Some of those unkind voices aren’t even your own. They’re voices from as long ago as your childhood but yet, have remained with you well into your adult years.
The other voice; your voice, doesn’t seem to want to support you either. You call yourself names, beat yourself up and criticise yourself harshly. You manage to think positively and cheer yourself on from time to time but those negative thoughts, ugh. If only they would just stop.
Here’s the truth.
We’re built to think and sometimes, we’ll have thoughts that we don’t want to have. Our thoughts aren’t going to stop just because we want them to. Some people can stop them temporarily through different forms of meditation but outside of that, thoughts will return.
Having unhelpful thoughts doesn’t make you a bad person and you can’t harshly criticise yourself into feeling better.
For example, I’ve recently had some scary thoughts about explosions and what could happen if I or my kids got caught up in them. Pretty unpleasant, right? The thing is, I started to get really worried and scared and panicked. I also felt bad about having such horrifying thoughts about my own children.
And then, something came to me about the thoughts I (we) have and I started to feel a lot better, even though the unpleasant thoughts hadn’t quite gone away.
What I realised was that many of our thoughts are based on past experiences, things people have said/say to us, things we’ve seen and heard.
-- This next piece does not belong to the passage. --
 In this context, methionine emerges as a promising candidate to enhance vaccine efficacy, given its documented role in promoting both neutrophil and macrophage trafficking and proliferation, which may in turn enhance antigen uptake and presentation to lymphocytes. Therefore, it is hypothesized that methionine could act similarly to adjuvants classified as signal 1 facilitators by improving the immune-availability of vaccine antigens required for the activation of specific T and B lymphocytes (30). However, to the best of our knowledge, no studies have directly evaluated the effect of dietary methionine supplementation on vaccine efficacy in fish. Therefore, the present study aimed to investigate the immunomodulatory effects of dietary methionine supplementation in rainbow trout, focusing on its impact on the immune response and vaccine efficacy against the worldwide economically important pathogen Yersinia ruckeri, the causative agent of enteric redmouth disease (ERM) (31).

So it makes sense that some thoughts will feel more pleasant than others.
In other words, we’ve had both positive and negative experiences. People have said positive and negative things to us and we’ve seen and heard both positive and negative things.
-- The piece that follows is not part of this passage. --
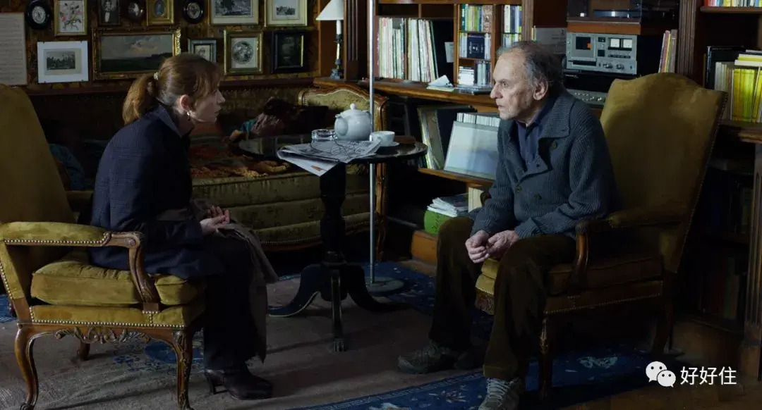 ▲ 法国著名女演员 Isabelle Huppert 在片中饰演老两口的女儿,心疼于父母的处境却无能为力,剧照为两人坐在起居室讨论母亲病倒后的安排。电影的场景几乎全部在老两口的居所里拍摄,芥末绿的丝绒沙发,欧式壁灯与实木小圆桌都非常凸显剧中角色对生活品质的要求。而整面书架,CD播放器,照片墙和各种证书也都透露着这是一个知识分子家庭,在起居室的另一角还有一架三角钢琴,女主角病倒前常常演奏给丈夫听。

The thoughts I was having in that moment were because of the recent attacks in London. I didn’t want to have them but the fact is they were there. The problem was that not only did I initially feel scared of those thoughts, but I also started to make up a story about what having them meant.
The main story was that I was a bad mum for having such thoughts about my children. But I didn’t choose to have them, they just appeared. More importantly, it’s not something that I want to or hope will happen so how can I be a bad mum?
Something else that came to me was that our thoughts are like films that can be categorised into different genres such as:
We can choose which types of films to watch but we can’t always choose which thoughts we have. Sometimes, they appear unexpectedly and you ask yourself “why am I thinking that??”
So if that’s the case, how can we reduce the discomfort we feel when we have thoughts that belong to genres we don’t enjoy?
Try these three things.
Let them be there
It often feels easy to say, but not so easy to do. There are times when I’ll spend ages grappling with unwanted thoughts until I realise, oh yeah, that doesn’t help. As soon as I stop resisting, they don’t necessarily vanish magically or turn into rosy thoughts but I still start to feel a little bit better.
Remember that more thoughts will come along
As I mentioned before, we’re built to think so we’ll always have a flow of thoughts. In fact, I find it forces me to exercise patience. Instead of trying to push the thoughts away (and wasting mental energy on something that’ll eventually leave anyway), I have to wait for them to pass.
Make a commitment to have your own back every day
Someone who cares about you would wouldn’t they? Or at least that’s what you’d expect. So make the decision to do the same for yourself whether you’re enjoying the genre of your thoughts or not. And if you forget, that’s when you go back and remind yourself of the decision you made to look out for yourself just as much as a best friend would.
It’s not about ignoring what needs to be dealt with, It’s about taking a different approach to our thoughts and feelings than what we’re used to. If one way doesn’t do us any good, it makes sense to try something else. But like exercise, it takes practice and we may not always want to do it but over time, we’ll reap the benefits.